Avevo risposto alla seconda domanda. Per la prima, avevo ancora sette giorni di tempo.
 
Per giorni interi Monica ci pregò di assisterla nella cerimonia che, di lì a poco, avrebbe celebrato allo stagno e che l’avrebbe messa in comunione con potenze astrali, spirituali, ultramondane e così via (Monica usava sempre un sacco di paroloni per dire sempre la stessa cosa, cioè niente).
Matteo, come da copione, si rifiutò. Accettò solo dopo aver appurato che la cerimonia prevedeva che Monica assumesse un intruglio nel quale era facile introdurre di nascosto una buona dose di benzodiazepine.
«Le prende sempre» mi aveva spiegato «ma in dosi assai minori. Probabilmente, poco dopo aver tracannato quel beverone, si addormenterà profondamente e, a quel punto, potremo portarla a letto. Quando, a mezzogiorno inoltrato, la mia adorata mogliettina non riuscirà a svegliarsi, potremo chiamare il pronto soccorso e, a questo punto, risulterà evidente che la poveretta ha assunto un micidiale cocktail di farmaci. Dopodiché…».

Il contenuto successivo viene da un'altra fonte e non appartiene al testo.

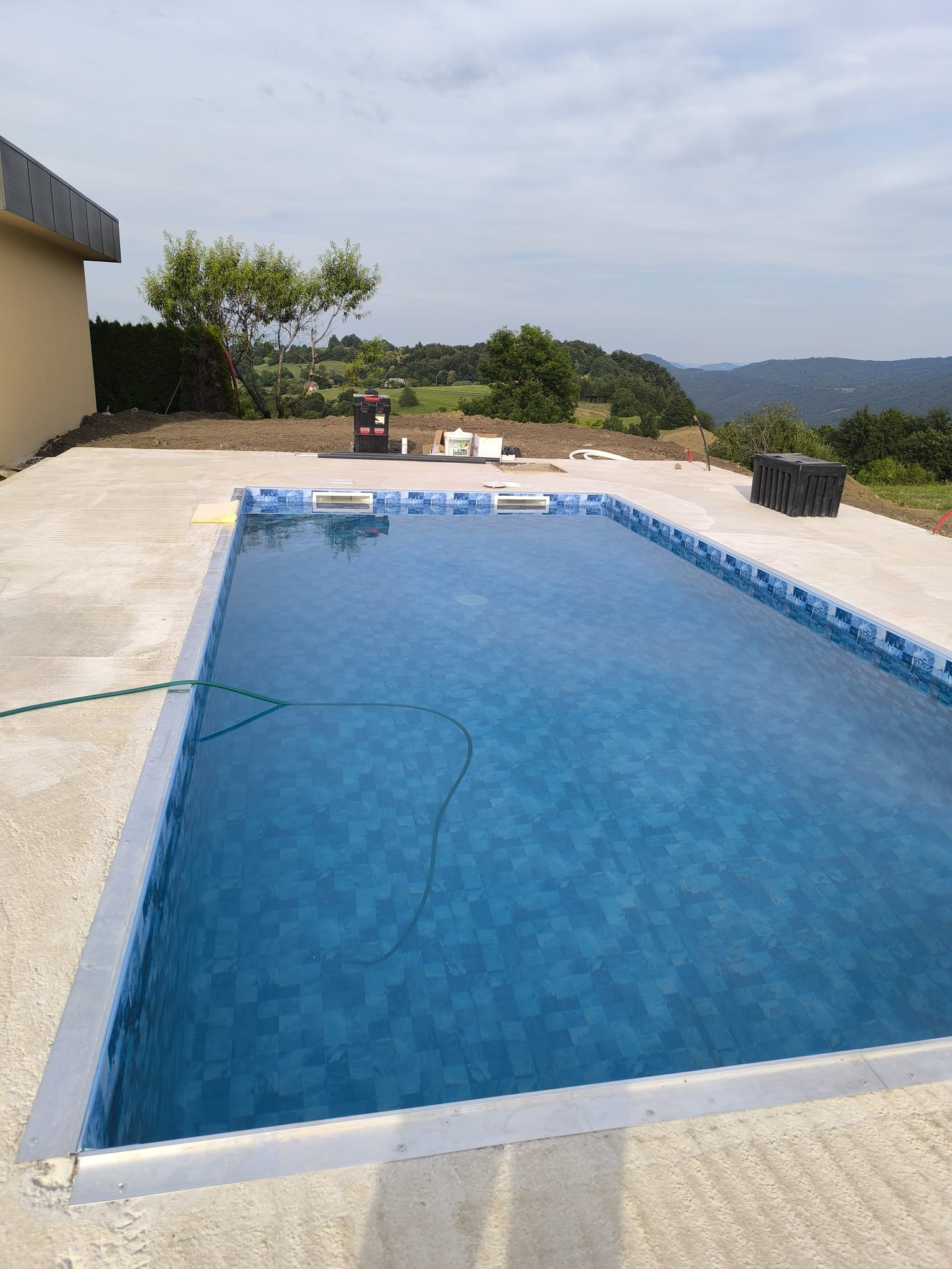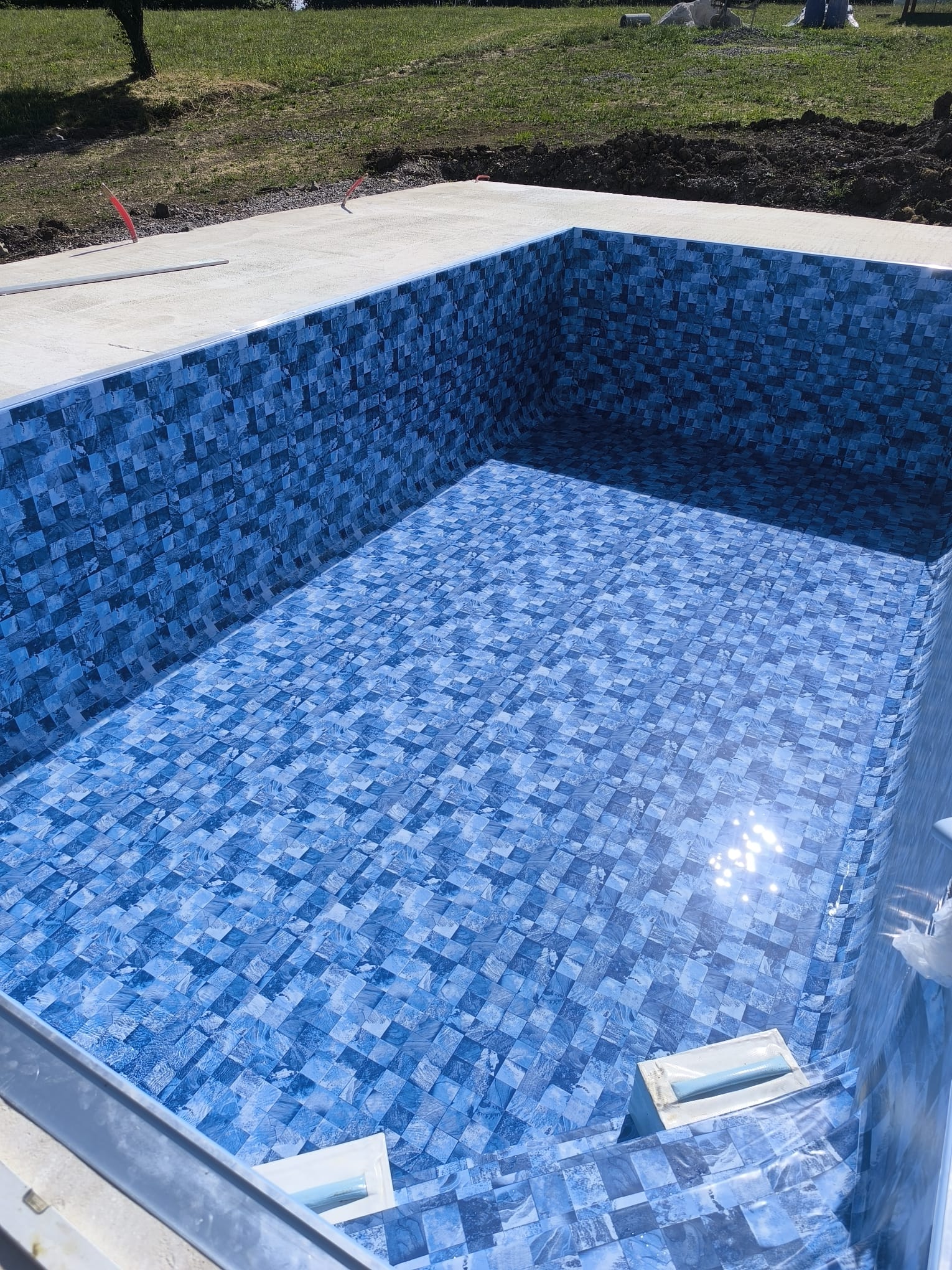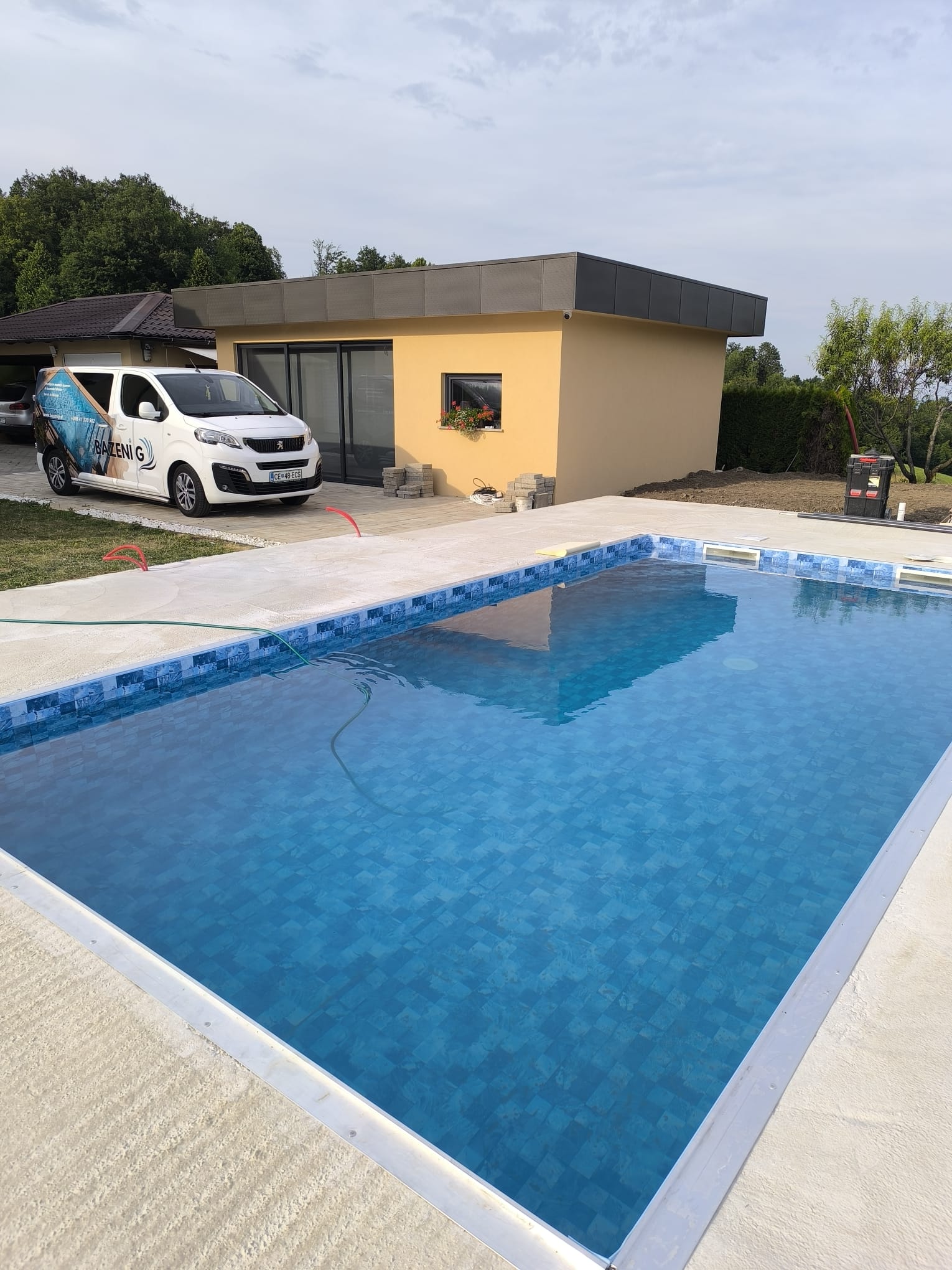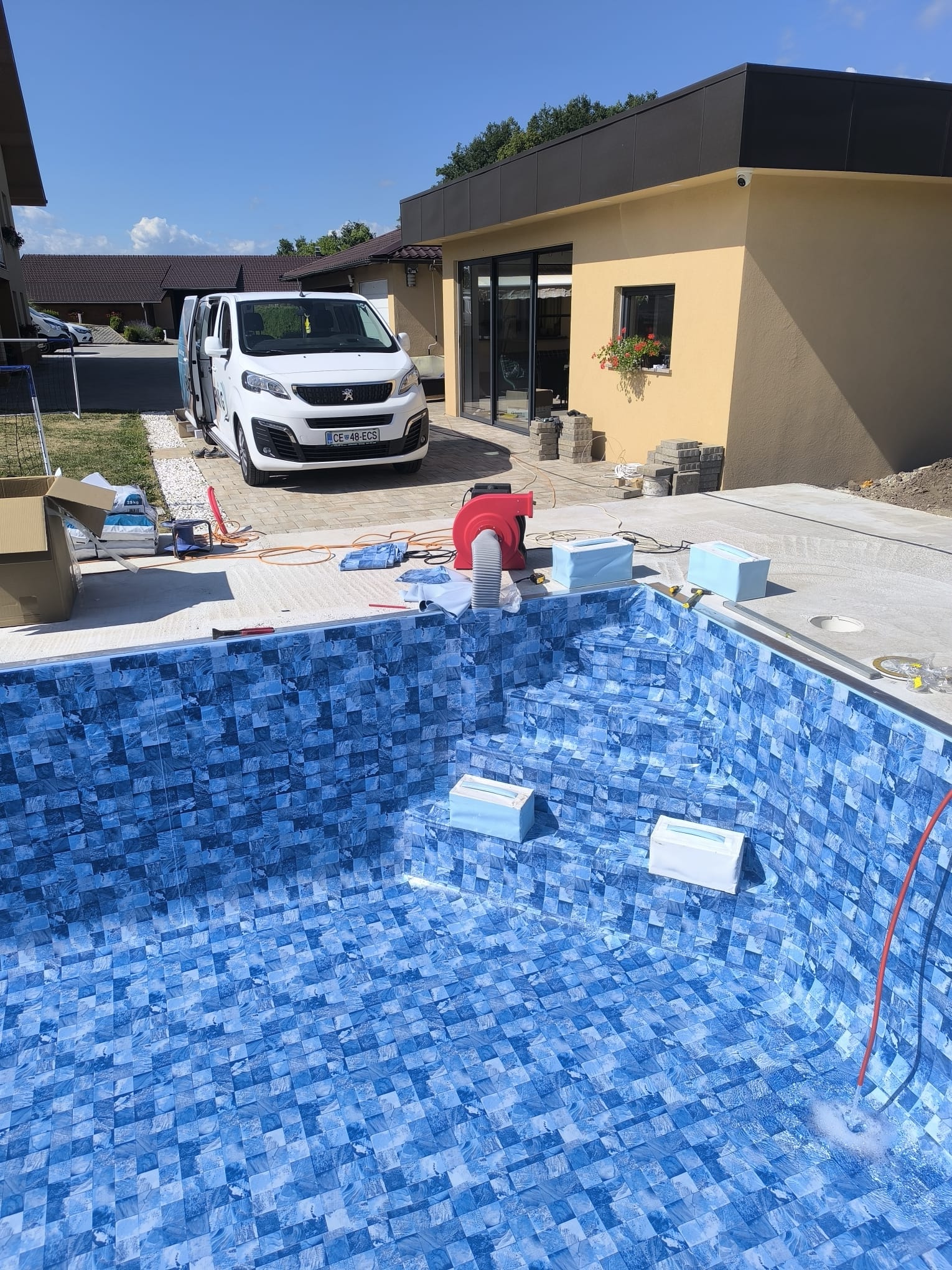 Bazen je bil izveden z natančno pripravo podlage, strokovno izvedbo tesnjenja in estetsko dovršeno montažo folije nove generacije.

Forse in quei puntini di sospensione stava nascosta una domanda, ma io non avevo ancora la risposta.
 
La sera successiva eravamo tutti e tre allo stagno a congelarci le ossa (o forse tutti e due, dato che Monica non sembrava avvertire il freddo).
Per evitarmi una broncopolmonite stavo il più vicino possibile al fuoco nonostante i bastoncini di incenso mi facessero tossire e questo, in qualche modo, contraddicesse tutto quanto l’armamentario esoterico… sì è mai visto un sacerdote vodoo che scatarra in continuazione?
Monica mugolava e canticchiava e gesticolava muovendo le mani sopra la nebbia che saliva dallo stagno, come se dirigesse un’invisibile folla di coreuti.
S’era levato un po’ di vento che, di quando in quando, agitava le fronde degli alberi.
Ci doveva essere qualche carcassa decomposta appena sotto il pelo dell’acqua perché, a un certo punto, intravidi una debole luminescenza agitarsi tra le volute di fumo.
Sapevo che cos’erano i fuochi fatui, prodotti dalla combustione di metano e fosfano, ma non mi era mai capitato di vederne.
In ogni caso non immaginavo che fossero così suggestivi e, in qualche strano, macabro modo, affascinanti; fatto sta che stetti lì a guardarli come se osservassi una lanterna magica e non riuscii a scuotermi neppure quando Monica alzò al cielo la coppa che conteneva l’intruglio.
Fu il sorriso di Matteo a riportarmi alla realtà.
Ero lo stesso che aveva la sera in cui mi disse addio, lo stesso con cui mi accoglieva le notti in cui scivolavo nel suo letto, lo stesso che aveva quando parlava dell’amore che non muore.
Sorrideva ancora quando gli piantai tre pallottole in corpo.
 
«Il vero amore non muore mai, il vero amore non muore mai» stava ripetendomi Monica quando mi riebbi.
Da oltre la sua spalla vidi il cadavere di Matteo disteso a faccia in giù nello stagno e, più vicino, la coppa con la pozione, da cui usciva un rigagnolo di liquido scuro.
Presi a tremare violentemente e Monica mi strinse a sé. Reggevo ancora la pistola, scossa da brividi incontrollabili.
«Me lo avevano rivelato gli spiriti, da tempo» mi disse cercando di calmare i miei movimenti convulsi.
«Non è come nei libri» risposi. Era la prima frase di senso compiuto che cercavo di dire, ma non mi venne granché, inframmezzata com’era dal battito dei denti. «Ammazzare la gente non è come nei libri».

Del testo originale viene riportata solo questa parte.